▶ Work request: Every entry below should be returned exactly as it appears, with pictures left out.

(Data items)
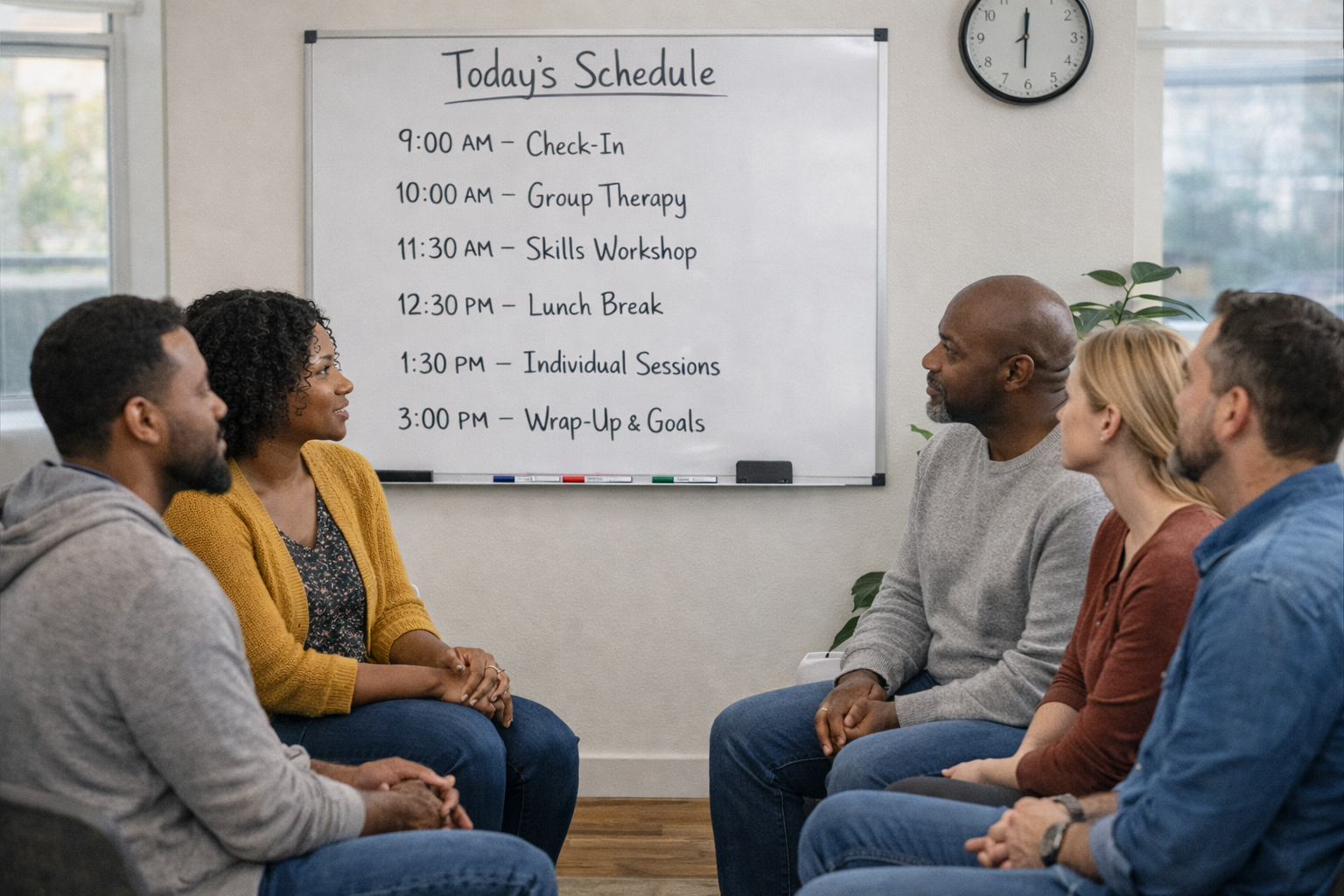 The day is organized around a combination of therapeutic activities that may include group therapy sessions, skills-based discussions, and educational components. Sessions are scheduled with appropriate breaks to support focus, reduce fatigue, and allow time for reflection. The structure of the day is designed to be predictable while still flexible enough to respond to individual needs.
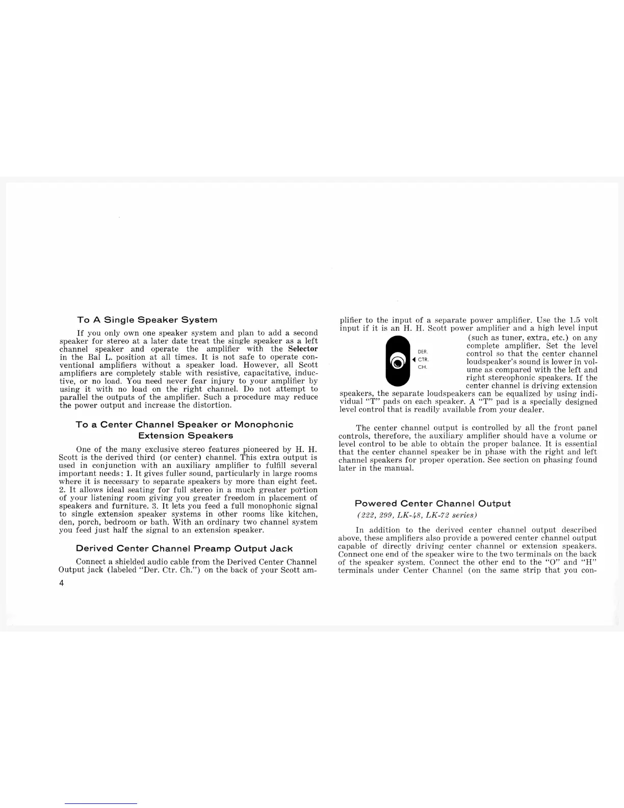 SCOTT Stereo Amplifier - Advanced Speaker Configurations; Single Speaker System Operation; Center Channel and Extension Speaker Setup
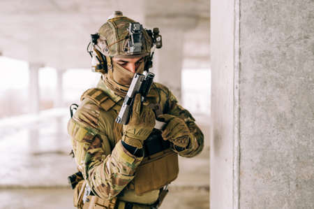 A bearded soldier in uniform of special forces in a dangerous military action in a dangerous enemy area. Selective focus
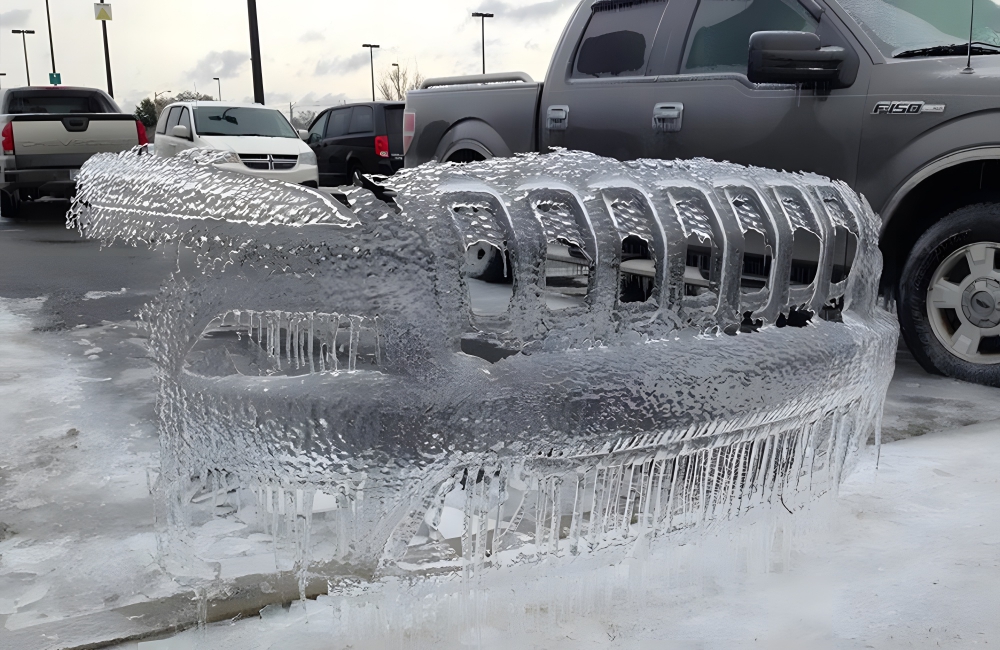 Ice formed on a Jeep before the Jeep pulled away, leaving it hanging in place like it’s suspended by some kind of invisible force. This is the kind of picture you take and send to everyone in your office on your lunch break.
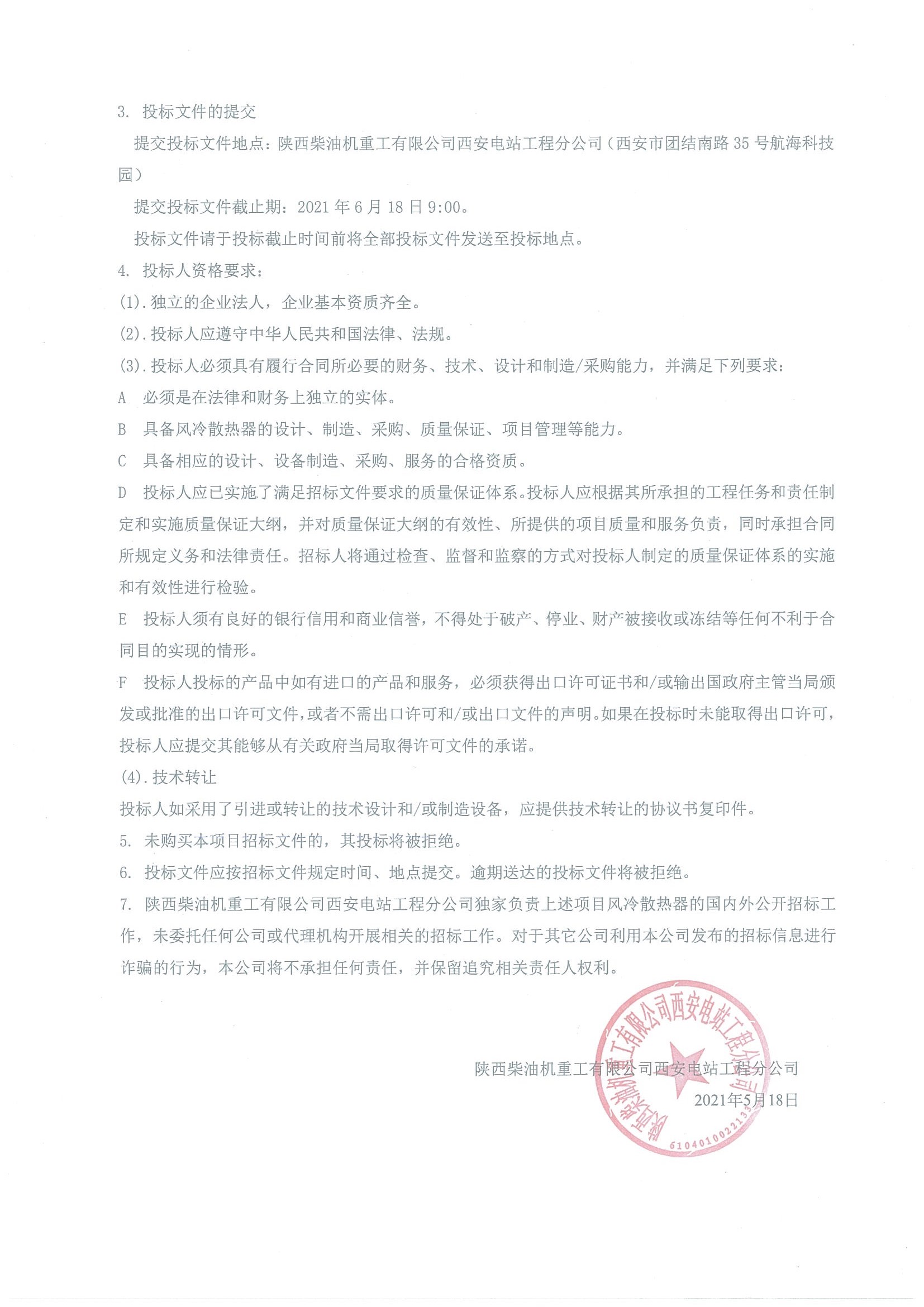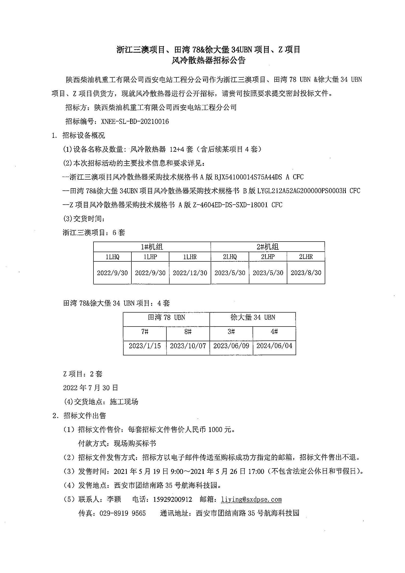 浙江三澳项目、田湾78&徐大堡34UBN项目、Z项目风冷散热器招标公告

▶ Finished task:
 The day is organized around a combination of therapeutic activities that may include group therapy sessions, skills-based discussions, and educational components. Sessions are scheduled with appropriate breaks to support focus, reduce fatigue, and allow time for reflection. The structure of the day is designed to be predictable while still flexible enough to respond to individual needs.
 SCOTT Stereo Amplifier - Advanced Speaker Configurations; Single Speaker System Operation; Center Channel and Extension Speaker Setup
 A bearded soldier in uniform of special forces in a dangerous military action in a dangerous enemy area. Selective focus
 Ice formed on a Jeep before the Jeep pulled away, leaving it hanging in place like it’s suspended by some kind of invisible force. This is the kind of picture you take and send to everyone in your office on your lunch break.
 浙江三澳项目、田湾78&徐大堡34UBN项目、Z项目风冷散热器招标公告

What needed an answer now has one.